Grammaticality – Differentiating Simple, Compound, and Complex Sentences

grammaticality

We read about these three classes of sentences. For example,

  • It is too hot to go out without an umbrella. (Simple)
  • It is so hot that we cannot go out without an umbrella. (Complex)
  • It is very hot and so we cannot go out without an umbrella. (Compound)

My teacher then (around a decade back) pointed out the "too-to" structure in simple sentences and a "so-that" structure in complex sentences. He added that casual sentences like I am so busy or I am too tired are wrong and in each of those cases, we need a very, as in, I am very busy or I am very tired. His logic was that so or to need a that or to for meaningful completion, going by the examples above.

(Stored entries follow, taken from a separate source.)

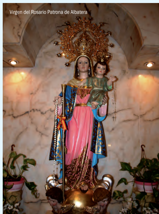
Virgen del Rosario Patrona de Albaterra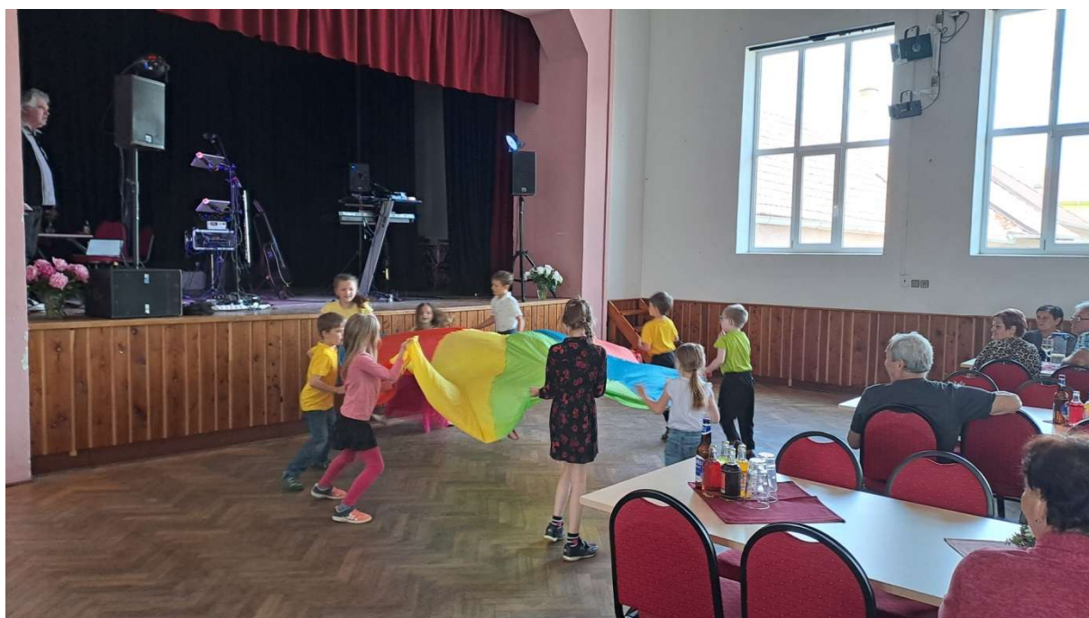
Vystoupení pro seniory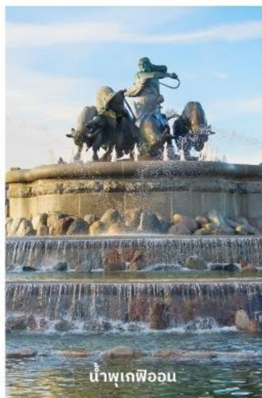
น้ำพุเกฟิออน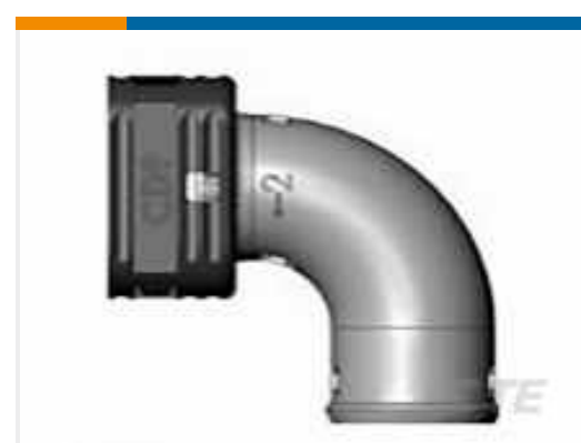
TE Teilenummer ZPF00000000102764 787-8055-30M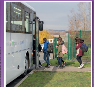
Autocar scolaire, Gauchy (Aisne) 2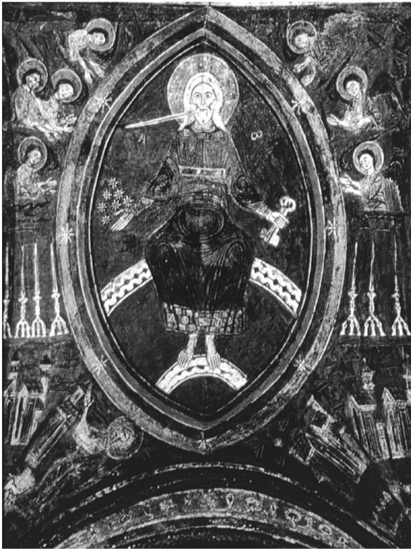
Fresko, Italien, 13. Jh.

Der Sport sei immer ein Mittel für Austausch und Wachstum, aber nie Anlass zu Hass und Gewalt.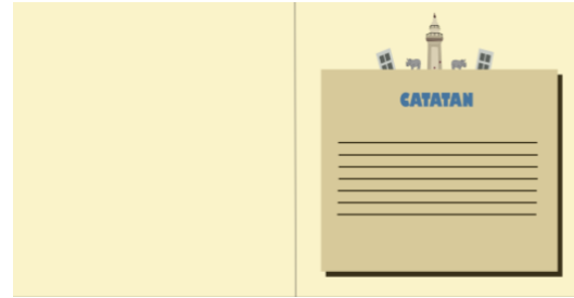
Gambar 8. Halaman Catatan Buku Menelusuri Warisan Budaya Banten

Is he correct? Does modern English deem I am so busy to be suitable or valid in formal contexts (say in written English or the English taught at schools)? Is It is too/so hot and so we cannot go out without an umbrella a valid compound sentence?

Best Answer

I think it very likely that your English teacher was giving you ‘baby rules’: the sort of very broad rules you give a child (or learner) to prevent it from hurting itself before it is old enough (or knowledgeable enough) to understand subtle qualifications.

  • In the case of too, your teacher was probably ‘protecting’ you from a very common learner’s error: using too as a simple intensive, equivalent to very.

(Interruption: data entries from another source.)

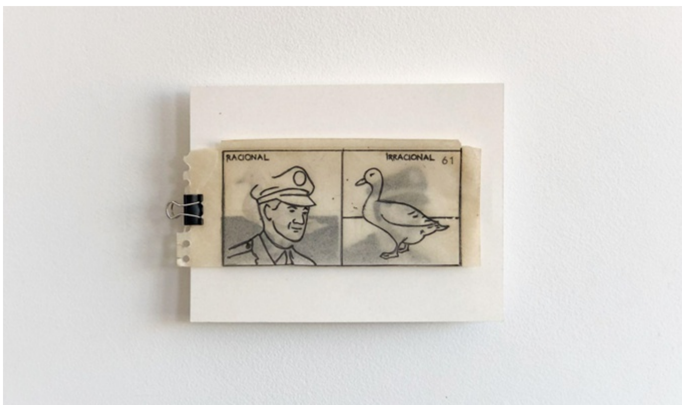
Figura 6: Exercício de revisão (2021-2022)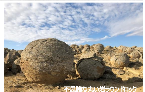
不思議な丸い岩ラウンドロック

お問合せはお客様専用フリーダイヤルへ 東日本 ☎ 0120-813-419 西日本 ☎ 0120-813-770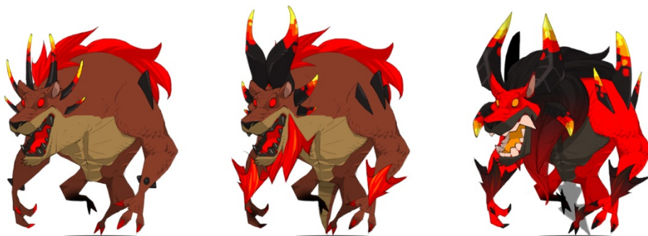
「イフリート（火属性）」左から初期状態、1段進化、最終進化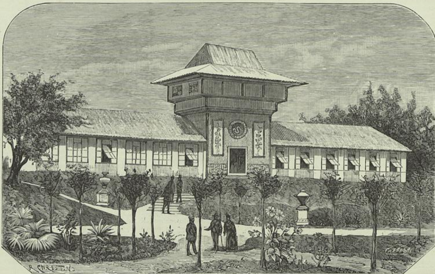
EDIFICIO PRINCIPAL DA FABRICA DE FAIANÇAS DAS CALDAS DA RAINHA

    The ‘grown-up’ rule is that although it is quite true that too almost always involves a comparison of the sort you have in too hot to go out, this does not mean that the comparison must actually be expressed in every sentence in which you use too. The benchmark against which you are measuring may be entirely clear from the context.

    Do you want to go for a walk?
    No, thanks, it’s too hot.

  • In the case of so, your teacher was probably trying to keep you from using intensive so in an inappropriate register. This use of so is colloquial and almost never found in formal or semi-formal registers such as you are typically called upon to employ in school essays. But in conversation (or dialogue, if you are writing fiction or a play or a script) it’s perfectly acceptable:

    It is so hot today!

Such rules are pedagogically useful: they keep you focused on what you must learn and keep you from being distracted by all the million-and-one-things you might learn. But in language (as in pretty much everything else), once you reach a certain level of competence you may safely ignore classroom rules and instead follow the practice of writers and speakers you admire.